The reason they were calling for that is an acknowledgment that while this provision has not often been used in that specificity, it has had a profound impact, as already acknowledged by the Minister for Children, on the trust of whānau in social workers. It has completely undermined the ability for them to build relationships and to be able to work through any issues that the whānau may have. It has undermined good social work practice and meant that social workers have increasingly been making poor decisions in a broader sense. And it has undermined, specifically, tino rangatiratanga over kāinga. So they are three very significant points that, I believe, are incredibly important to listen to.
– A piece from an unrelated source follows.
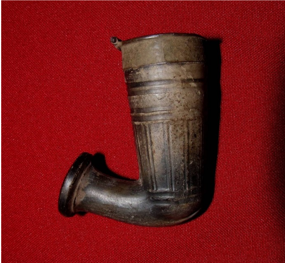
6. ábra: Húzogatott pipa (A szerző képe saját pipájáról)

Ennek a mára teljesen eltűnt tárgytypusnak a jelentőségét több minden mutatja. A pipa szó a mai köztudatban több jelentéssel is bír, hisz mindenféle pipa formájú tárgyat szintén pipának nevezünk, pl. bűvárpipa. A pipa a férfiasság szimbóluma volt, és a személy vagyoni helyzetét is mutatta. Kiegészítőként hozzátartozott a férfiak viseletéhez, és a férfi halálakor kedvenc pipáját is vele temették. A cseréppipa gyári termelése ellehetetlenítette a mesterembereket, így a mesterség mára mondhatni teljesen kihalt. A pipázás szokása is háttérbe szorult a múlt század elején. A cigaretta és a szivar elérhetőbbé vált és praktikusabb volt, mint a lassú és nyugodt körülményeket igénylő pipázás.

So the Greens would have repealed this entire provision and we would have wanted to see legislation that went much further. We’ve had so many reports telling us that the system is failing. I acknowledge the Minister’s commitment to transformation, and that’s being done through internal work. My concern is that without legislation to bolster that, it’s very easy for initiatives to go into place and for changes to start happening, but when attention goes off, things go back to the default of how they were. Our children deserve and need better than that. But this is still a step forward because this provision is harmful. If we have a choice of acting to prevent harm, then we need to do that in this House. Kia ora.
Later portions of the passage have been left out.